**Problem to solve**:
Repeat the records below exactly, leaving out every picture.

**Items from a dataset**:
┄┄┄┄┄┄┄┄┄┄
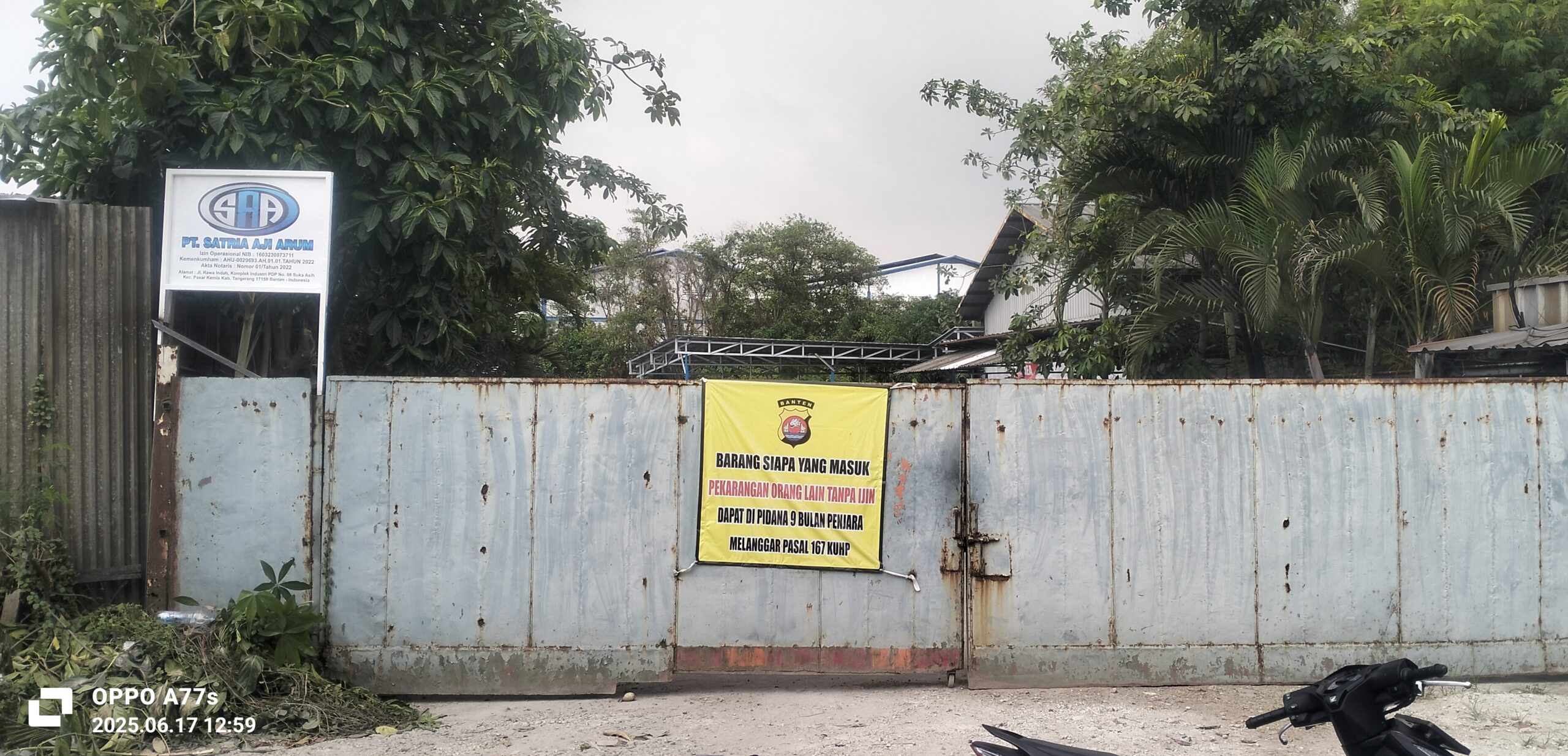 Seperti diberitakan sebelumnya, gudang milik PT Satria Aji Arum yang berlokasi di Jl. Rawa Indah, Komplek Industri PDP No. 88, Sukaasih, Pasar Kemis, disorot publik usai video viral memperlihatkan Camat Pasar Kemis, H. Nurhanudin, melakukan sidak bersama aparat. Dalam sidak tersebut, ditemukan material yang diduga kuat merupakan limbah B3. Camat juga mengakui hingga saat ini pihaknya belum menerima dokumen legalitas dari perusahaan terkait, dan secara resmi sudah menyurati DLHK Kabupaten Tangerang.
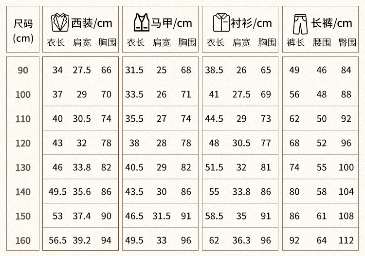 ![]() | Suit style + twill tie: khaki 5-piece set (93069 pure cotton blue long sleeve shirt + jacket + vest + trousers + brown striped tie) | 150cm, recommended weight 34-39.5kg | ¥119.74 / ≈ 1 442 ₽ | 162 | 5955014657835 | |
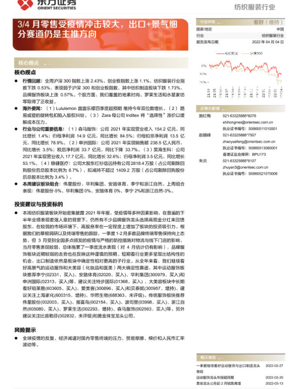 【东方证券】【20220404】20220404-东方证券-纺织服装行业周报:3 4月零售受疫情冲击较大,出口+景气细分赛道仍是主推方向-8页
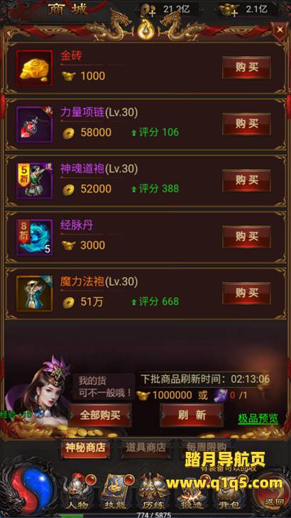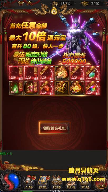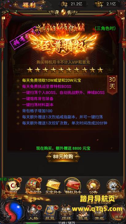 好了。下面我们测试下游戏里的功能看看。好了。其他功能就自行测试吧。更多的游戏资源可访问www.q1q5.com下载,我们每款游戏资源均单独制作了独立的视频架设教程,让小白也可以快速上手游戏架设,快来体验自己做GM的乐趣吧!
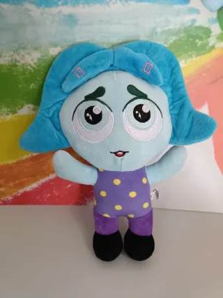 Peluche del personaje Tristeza de Disney Pixar. Es suave y perfecto para coleccionar. - Color azul y morado. ▪️TIENE UN PEQUEÑO DESPERFECTO EN LA MANO,SE VE EN LA ÚLTIMA FOTO. - Detalles bordados. - Diseño de lunares amarillos.
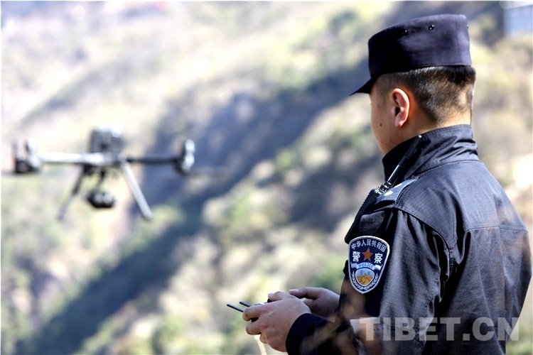 圖為民警利用無人機對波曲河道兩翼滑坡地段進行勘測 攝影:鄒興國
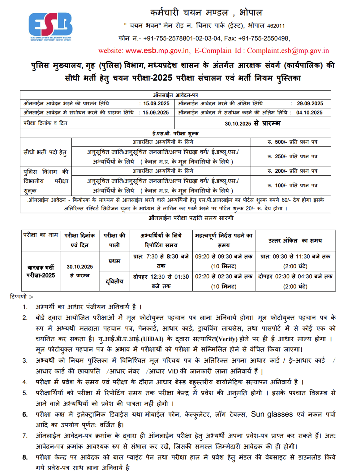यह भर्ती मध्य प्रदेश में रहने वाले योग्य उम्मीदवारों के लिए निकाली गई है। आवेदन प्रक्रिया पूरी तरह ऑनलाइन है और इच्छुक उम्मीदवार निर्धारित समय के भीतर आवेदन कर सकते हैं। भर्ती प्रक्रिया में अभ्यर्थी की योग्यता, उम्र, और शारीरिक मानकों का विशेष ध्यान रखा जाएगा। तो चलिए जानते हैं Mp Police Constable Vacancy 2025 की पूरी डिटेल्स।
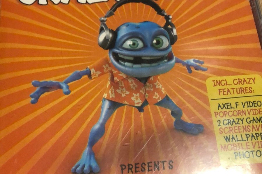 CD med Crazy Frog Presents Crazy Hits. Innehåller Axel F video, Popcorn video, 2 Crazy Games, skärmsläckare, bakgrundsbilder, mobilvideo och foton.
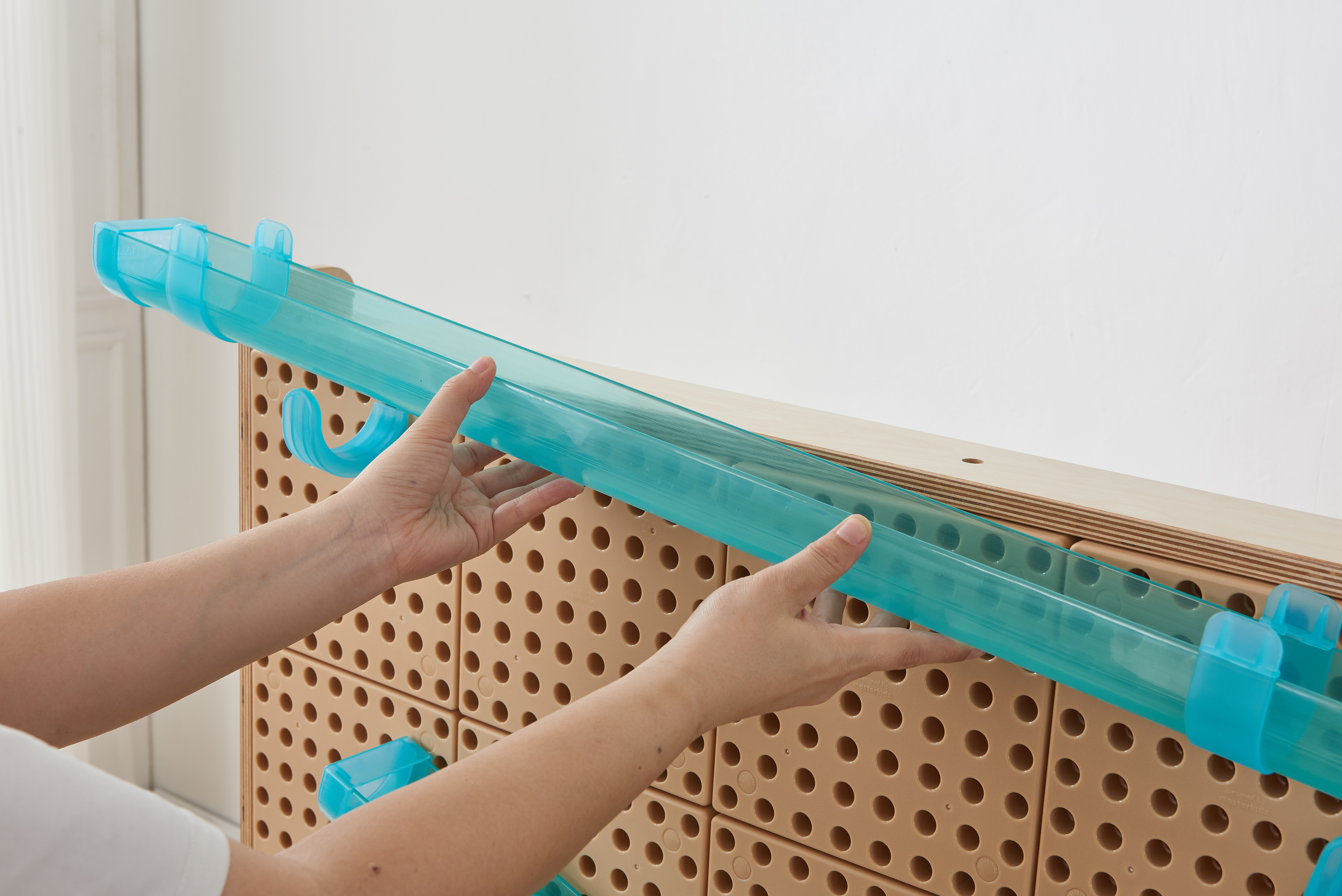 В комплект входят желоба разной длины, разноцветные шарики и набор для крепления к STEM-стене, а также различные компоненты, которые сделают путешествие шарика или воды более увлекательным: ветряные мельницы и водяные колёса, заглушки для воды и концевые колпачки, а также большая воронка для сбора воды или запуска шарика
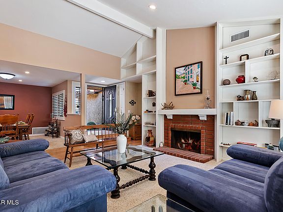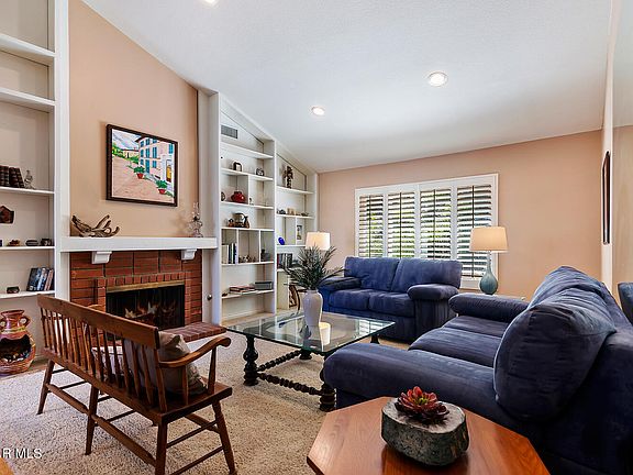 Nestled in an ideal location of Thousand Oaks, this impressive Lynn Oaks SINGLE-STORY residence boasts four bedrooms, two baths, 1,872 square feet, a lot size of just over 12,800 square feet, and a direct-access two-car garage. The home has been meticulously maintained. Featuring a lovely curb appeal and low-maintenance landscaping in front and back. Beautifully detailed front door, large formal living room with decorative fireplace and mantle, custom shelving, and vaulted ceiling. Separate formal dining room with recessed lighting and solar tube. The family room features a vaulted ceiling and two sliders leading to the back patio with a pergola and is perfect for enjoying your morning coffee or a pleasant evening at home with friends and family. The kitchen features granite countertops with an oversized breakfast bar and pendant lighting, ample cabinetry storage, a stainless refrigerator, a stainless Bosch® dishwasher, and stainless gas range/oven. The walk-in pantry is located in the separate interior laundry room with upper shelving above the washer and dryer space. The primary bedroom includes a spacious walk-in closet and a slider leading to the side yard. The primary bath includes dual sinks at the vanity. Both bathrooms have been tastefully remodeled. Additional interior features include a solar tube in the hall, custom plantation shutters at most windows, mirrored closet doors, central A/C, and ceiling fans in the family room, primary bedroom, and bedrooms 3 and 4. Zoned for RV access/storage or possible ADU. The wonderful location is right across the street from Lynn Oaks Park which includes a volleyball court, basketball court, track, and tot lot. Just another few steps and you can hike or mountain bike the local trails.
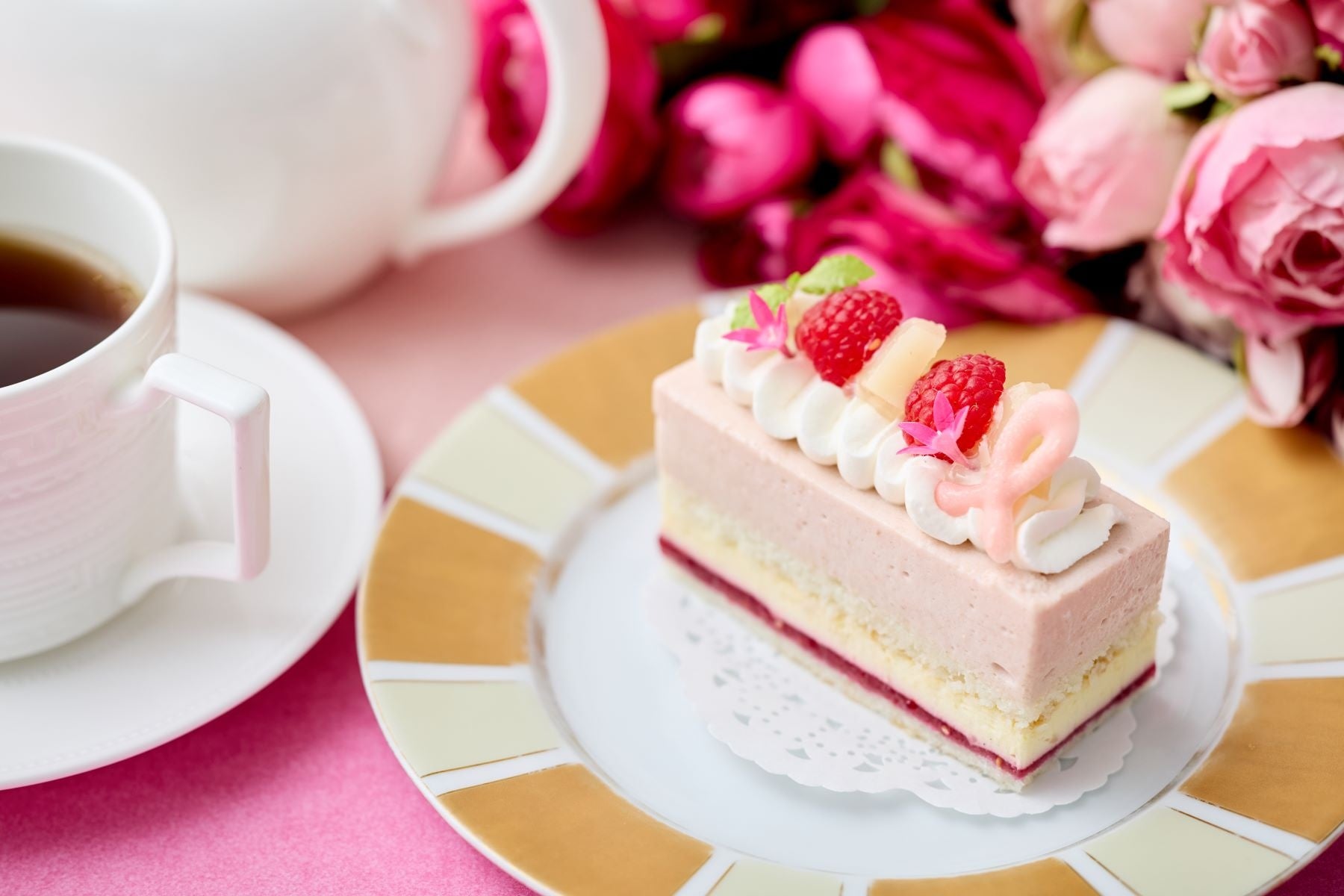 桃やラズベリーを使用したオリジナルケーキを期間限定で販売(料金:880円 ※消費税込・サービス料15%別)
┄┄┄┄┄┄┄┄┄┄
**Task response**:
 Seperti diberitakan sebelumnya, gudang milik PT Satria Aji Arum yang berlokasi di Jl. Rawa Indah, Komplek Industri PDP No. 88, Sukaasih, Pasar Kemis, disorot publik usai video viral memperlihatkan Camat Pasar Kemis, H. Nurhanudin, melakukan sidak bersama aparat. Dalam sidak tersebut, ditemukan material yang diduga kuat merupakan limbah B3. Camat juga mengakui hingga saat ini pihaknya belum menerima dokumen legalitas dari perusahaan terkait, dan secara resmi sudah menyurati DLHK Kabupaten Tangerang.
 ![]() | Suit style + twill tie: khaki 5-piece set (93069 pure cotton blue long sleeve shirt + jacket + vest + trousers + brown striped tie) | 150cm, recommended weight 34-39.5kg | ¥119.74 / ≈ 1 442 ₽ | 162 | 5955014657835 | |
 【东方证券】【20220404】20220404-东方证券-纺织服装行业周报:3 4月零售受疫情冲击较大,出口+景气细分赛道仍是主推方向-8页
 好了。下面我们测试下游戏里的功能看看。好了。其他功能就自行测试吧。更多的游戏资源可访问www.q1q5.com下载,我们每款游戏资源均单独制作了独立的视频架设教程,让小白也可以快速上手游戏架设,快来体验自己做GM的乐趣吧!
 Peluche del personaje Tristeza de Disney Pixar. Es suave y perfecto para coleccionar. - Color azul y morado. ▪️TIENE UN PEQUEÑO DESPERFECTO EN LA MANO,SE VE EN LA ÚLTIMA FOTO. - Detalles bordados. - Diseño de lunares amarillos.
 圖為民警利用無人機對波曲河道兩翼滑坡地段進行勘測 攝影:鄒興國
यह भर्ती मध्य प्रदेश में रहने वाले योग्य उम्मीदवारों के लिए निकाली गई है। आवेदन प्रक्रिया पूरी तरह ऑनलाइन है और इच्छुक उम्मीदवार निर्धारित समय के भीतर आवेदन कर सकते हैं। भर्ती प्रक्रिया में अभ्यर्थी की योग्यता, उम्र, और शारीरिक मानकों का विशेष ध्यान रखा जाएगा। तो चलिए जानते हैं Mp Police Constable Vacancy 2025 की पूरी डिटेल्स।
 CD med Crazy Frog Presents Crazy Hits. Innehåller Axel F video, Popcorn video, 2 Crazy Games, skärmsläckare, bakgrundsbilder, mobilvideo och foton.
 В комплект входят желоба разной длины, разноцветные шарики и набор для крепления к STEM-стене, а также различные компоненты, которые сделают путешествие шарика или воды более увлекательным: ветряные мельницы и водяные колёса, заглушки для воды и концевые колпачки, а также большая воронка для сбора воды или запуска шарика
 Nestled in an ideal location of Thousand Oaks, this impressive Lynn Oaks SINGLE-STORY residence boasts four bedrooms, two baths, 1,872 square feet, a lot size of just over 12,800 square feet, and a direct-access two-car garage. The home has been meticulously maintained. Featuring a lovely curb appeal and low-maintenance landscaping in front and back. Beautifully detailed front door, large formal living room with decorative fireplace and mantle, custom shelving, and vaulted ceiling. Separate formal dining room with recessed lighting and solar tube. The family room features a vaulted ceiling and two sliders leading to the back patio with a pergola and is perfect for enjoying your morning coffee or a pleasant evening at home with friends and family. The kitchen features granite countertops with an oversized breakfast bar and pendant lighting, ample cabinetry storage, a stainless refrigerator, a stainless Bosch® dishwasher, and stainless gas range/oven. The walk-in pantry is located in the separate interior laundry room with upper shelving above the washer and dryer space. The primary bedroom includes a spacious walk-in closet and a slider leading to the side yard. The primary bath includes dual sinks at the vanity. Both bathrooms have been tastefully remodeled. Additional interior features include a solar tube in the hall, custom plantation shutters at most windows, mirrored closet doors, central A/C, and ceiling fans in the family room, primary bedroom, and bedrooms 3 and 4. Zoned for RV access/storage or possible ADU. The wonderful location is right across the street from Lynn Oaks Park which includes a volleyball court, basketball court, track, and tot lot. Just another few steps and you can hike or mountain bike the local trails.
 桃やラズベリーを使用したオリジナルケーキを期間限定で販売(料金:880円 ※消費税込・サービス料15%別)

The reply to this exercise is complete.